The Structural Topic Model

I wanted to learn more about it and so last weekend I practiced a bit with the `stm` R package developed by Dustin Tingley, Molly Roberts, Brandon Stewart and colleagues. This post shows an application to the political blog The comedian Beppe Grillo is the leader of the Five Star Movement, and his blog is the center of the movement’s political communication. My intention is to show how easy it has become to do text analysis in empirical studies, even for researchers who are not advanced in R programming and Bayesian statistics —although clearly the more background knowledge the better.

The reader looking for an introduction to text analysis can find an excellent one in the paper by Grimmer and Stewart (2013). Structural Topic Models (STM) are mixed-membership topic models that can incorporate contextual covariates (i.e. document-specific metadata) in the prior distributions. If you’re novice to the field a great but short (and almost math-free) introduction to probabilistic topic models can be found in this Ted Underwood’s post. The basic intuition behind probabilistic topic models is that each document is in turn represented as a mixture of topics, and each topic is represented as a mixture of words. Thus, each word has a certain probability of belonging to a topic. Also, STM belongs to the class of unsupervised methods of text-analysis.
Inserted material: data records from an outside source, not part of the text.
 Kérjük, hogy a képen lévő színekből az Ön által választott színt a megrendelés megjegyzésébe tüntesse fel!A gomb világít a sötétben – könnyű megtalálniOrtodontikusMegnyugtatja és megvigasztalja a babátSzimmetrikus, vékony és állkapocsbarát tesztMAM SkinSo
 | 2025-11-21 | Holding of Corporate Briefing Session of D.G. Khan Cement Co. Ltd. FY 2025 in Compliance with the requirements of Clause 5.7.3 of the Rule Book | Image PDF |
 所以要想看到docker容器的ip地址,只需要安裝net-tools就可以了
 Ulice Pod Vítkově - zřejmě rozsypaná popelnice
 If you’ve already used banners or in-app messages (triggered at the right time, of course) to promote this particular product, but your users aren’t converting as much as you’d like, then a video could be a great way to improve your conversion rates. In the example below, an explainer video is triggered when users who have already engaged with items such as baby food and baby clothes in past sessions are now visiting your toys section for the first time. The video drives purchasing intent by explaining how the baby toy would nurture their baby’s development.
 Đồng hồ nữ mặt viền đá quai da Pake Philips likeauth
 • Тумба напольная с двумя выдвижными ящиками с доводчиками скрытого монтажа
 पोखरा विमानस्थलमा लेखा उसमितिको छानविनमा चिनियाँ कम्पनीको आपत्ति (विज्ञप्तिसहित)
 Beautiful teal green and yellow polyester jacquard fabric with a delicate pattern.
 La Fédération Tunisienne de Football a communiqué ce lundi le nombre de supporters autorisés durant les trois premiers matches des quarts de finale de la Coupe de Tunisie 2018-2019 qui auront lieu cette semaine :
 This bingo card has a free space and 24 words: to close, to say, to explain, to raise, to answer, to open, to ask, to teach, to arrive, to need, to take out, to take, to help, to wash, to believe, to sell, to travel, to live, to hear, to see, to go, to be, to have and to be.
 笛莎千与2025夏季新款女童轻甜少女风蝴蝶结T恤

These methods are very appealing because they don’t require the researcher to know ex ante the categories of interest. Thus: 1) they don’t require a supervised (i.e. hand coded) classifier; 2) they allow for the discovery of new categories previously not considered. Of course, if the researcher knows the categories of interest beforehand, a supervised method is preferable (e.g. the Gary King’s `ReadMe` package is useful to estimate documents’ category proportions).

Beppe Grillo and his blog

Going back to the original spirit of this post, what makes the corpus of Beppe Grillo’s blog posts is the emphasis the movement puts on new technologies and the nearly complete avoidance of the “moribund” mainstream media by the movement. The blog is simply the key to understand what this movement talks about. Briefly put, The 5SM is the political movement —fiercely not one of the “dead” political parties!— that obtained 25.56% of the vote for the Chamber of Deputies in the last general elections of 2013 (excluding Aosta Valley and the vote of the Italians abroad). In the latest polls, the 5SM registers between 26.1% and the 27.2% (Italian polls).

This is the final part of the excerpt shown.